I'm not getting into which analytic tool is the best. I use R, and that's what I'll talk to, but I have good friends, analytic-powerhouses who insist on using SAS or SPSS. These tools have different strengths and weaknesses and within the analytic community a lot of time, blog posts and misinformation go into arguing the relative merits of one vs. another. My take is that for most business-analytic purposes any of them will get the job done. The one you choose should be driven most heavily by your ability to get the analytic tool working against your data.
The problem is that these analytic tools do not generally reside in the same space as your database or BI tool, so you spend a lot of time interfacing data between systems. It's slow, sometimes very slow, and requires replication in your resources.
In recent years many database and BI tools have started offering integration with statistical tools (Oracle, SAP Hana, Tableau, Spotfire, MicroStrategy). The ideal here is in-database analytics where we run the complex stats in-tandem, indeed in the same memory space as the database. That is very attractive but I would look very carefully at the depth of integration offered before getting too excited. In some cases, I think, vendors have done just enough to tick the box without making it truly useful. As examples:
  • One vendor limits the transfer of data between database and R to simple table structures. Now, imagine running a regression model. What goes into the regression is very likely a simple table - check! What comes out is anything but: it's a complex object combining multiple tables of different dimensionality and named values (like r-sq). We need this data to determine the validity of the model and make future predictions. Force me to return just one table structure and I must throw most of the information and capability away. Before anyone asks, no, this is not unique to regression models.
  • Another vendor has integrated R into the reporting layer. This is relatively functional as long as the data you want to work with can be generated in a report. If you need very large amounts of input data you may well exceed reporting limits. If you want to build a separate model for each product in your database, you may have to run the report separately for each one.
  • Standard R was not originally designed for parallel execution (though you can get around this with a little coding help). Current processors (CPUs) even on low-level laptops are multi-cored. Servers routinely run more cores per CPU, more CPUs per server and we want to scale-out across multiple servers. A BI offering that only offers single core R execution is wasting your resources and time.
Bottom line, to do real Analytics, you need real Analytic tools.
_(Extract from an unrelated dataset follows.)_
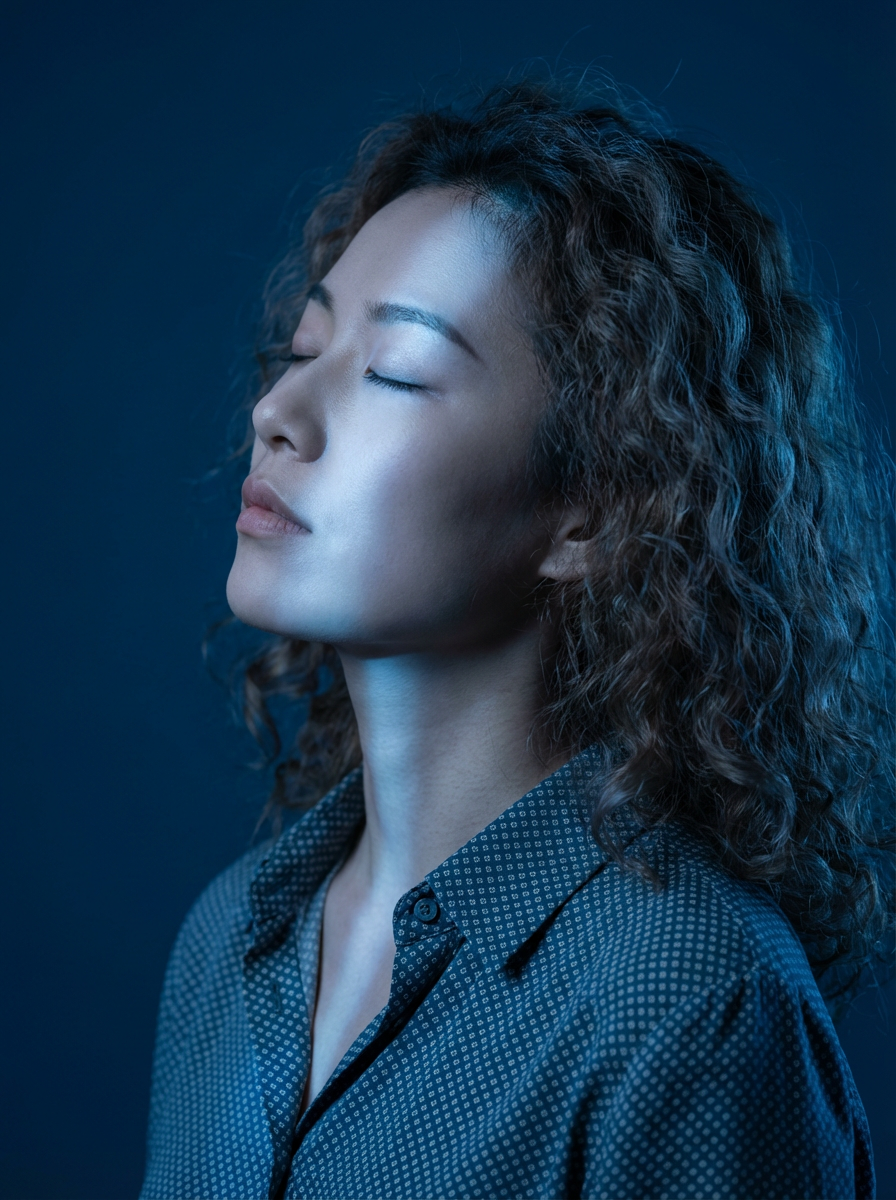 {"type": "image_generation_prompt", "concept": {"description": "An artistic editorial close-profile portrait of a young model, immersed in dramatic blue lighting. Her eyes are closed, with her head gently tilted upward, expressing serenity and introspection.", "mood": "quiet, introspective, ethereal", "color_theme": "deep blue with cold highlights"}, "subject": {"gender": "model", "identity_preservation": {"use_reference_image": true, "alter_face": false, "notes": "Maintain the subject’s exact facial features, structure, skin tone, and identity from the uploaded image."}, "pose": {"name": "Blue Profile", "head_position": "slightly tilted upward", "eyes": "closed", "expression": "serene and introspective", "highlight": "diagonal beam of light crossing the face, enhancing facial contours"}, "appearance": {"hair": {"style": "curly, voluminous, well-defined", "lighting_effect": "subtle blue reflections"}, "clothing": {"shirt": "petroleum-blue shirt with light gray micro-geometric print", "fabric": "lightweight material with soft shine under direct light", "collar": "traditional, top button open to reveal part of the neck", "details": {"cuffs": "adjusted cuffs", "stitching": "visible dark blue stitching", "fit": "elegant and modern"}}, "accessories": "none visible"}}, "camera_settings": {"camera": "Canon EOS R5", "lens": "85mm f/1.4", "aperture": "f/2.2", "iso": 320, "shutter_speed": "1/200s", "framing": "close-up profile, vertical 4:5 format", "resolution": "Ultra-HD 8K", "focus": "absolute focus on the face, capturing skin texture, hair, and light transitions"}, "lighting": {"type": "dramatic cold diagonal beam", "background": "deep solid blue", "effects": ["precise illumination on eyes, nose, and mouth", "soft enhancement of facial contours", "editorial contrast and silence-like aesthetic"]}, "visual_style": {"genre": "artistic editorial portrait", "contrast_level": "medium-high", "tone": "cold, atmospheric", "keywords": ["cinematic", "high-fashion", "introspective", "ethereal"]}, "output_goal": "Create an ultra-realistic editorial portrait of a young model in dramatic blue lighting, preserving her identity while capturing a serene, introspective moment in close-profile composition."}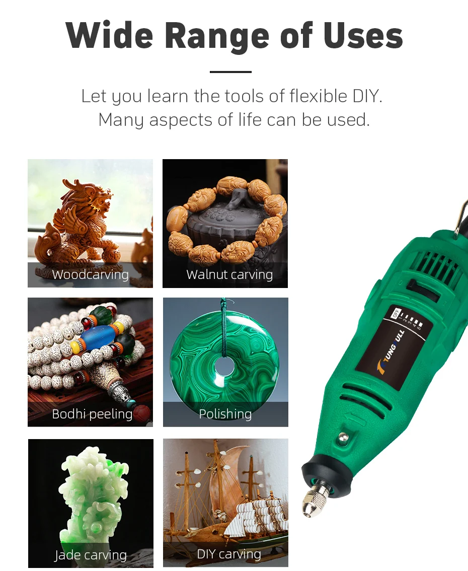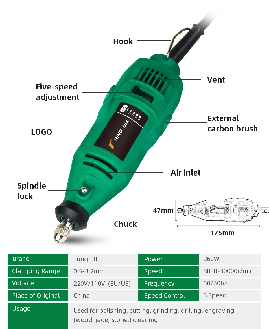 Цвет: зеленыйМесто оригинала: КитайНапряжение: 220 В, 110V.de ошибка мы посылаем 220 В, если вам нужно 110 В, пожалуйста, отметьте.Максимальная мощность: 260 ВтМашина для сбора Размеры: 0,5-3,2 ммПрименение: ewelry,home и wood makingФункция: для дерева, металла, керамики, пластика, полировки, шлифовки, резьбы, формирования и шлифования.

But even the best tools must be able to get at the data to be useful. Choose carefully,

Monday, 28 July 2014

Next Generation DSRs - Reporting is NOT analytics

I've written a number of posts now on the next generation of Demand Signal Repositories. DSRs are the specialized database and reporting tools primarily used by CPGs for retail Point of Sale data.
So far, I've looked at the challenges (and big opportunities) around handling the large quantities of data involved: better database technologies, scale-out platforms, true multi-retailer environments, effective data blending and dramatic simplification of data structures.
Taken as a whole this get's the necessary data into one place where it is relatively simple to overlay it with the BI or analytic tools of your choice and still get good performance. This is the starting point.
Now, we can get to the fun stuff, Analytics. Let's start by addressing a widespread misunderstanding

Reporting is NOT analytics

I've blogged on this before, actually one of my very first blog posts, but it bears repeating and extending from the original
Reporting is about "what happened"; Analytics is concerned with "why?""what if?"and "what's best?".
You need reports. Hopefully they are well constructed, with appropriate metrics, good visualization and exception highlighting. Perhaps they are also interactive so you can drill-down, pivot and filter. These are useful tools for exploratory "what happened" work, but, almost exclusively, reports leave it up to the reader to construct the "why".
Great reporting can pull together facts that you think are related for visual inspection (e.g. weekly temperature and ice-cream sales by region). Perhaps you can see a pattern, sort of, but reports will not quantify or test the validity of the pattern that's up to you, the reader, to guess at.
Even great reports can't help you much with more complex relationships. In reality, ice-cream sales are also dependent on rainfall, pricing, promotions, competitor activity etc. Who knew? Well we all did of course, but there is no reasonable way to visualize this in a standard report. Want to predict sales next week given weather, price and promo data for all products in all regions? Your going to need some good analytics.
You need Analytics too. In some cases, basic, high-school, math is all you need. In most, it doesn't even get you close to the 80% solution beloved of business managers. "Winging it" in Excel, Access, PowerPivot etc. can give you very bad answers that are seriously dangerous to your success and/or employment.
Want to understand and predict the impact to sales of promotions, pricing or weather events? You need Analytics for that.
Wan't to know where you can safely reduce inventory in your supply chain while increasing service level? You need Analytics.
Wan't to alert when sales of your product are abnormally low? Analytics!
Want to know how rationalizing products across retailers would impact your supply chain? Yep, Analytics.
Want to know which shopper demographics are most predictive of sales velocity? I think you get it...
If your business question is something other than "what happened" you need Analytics.

Monday, 7 July 2014

Next Generation DSRs - data blending (part 2)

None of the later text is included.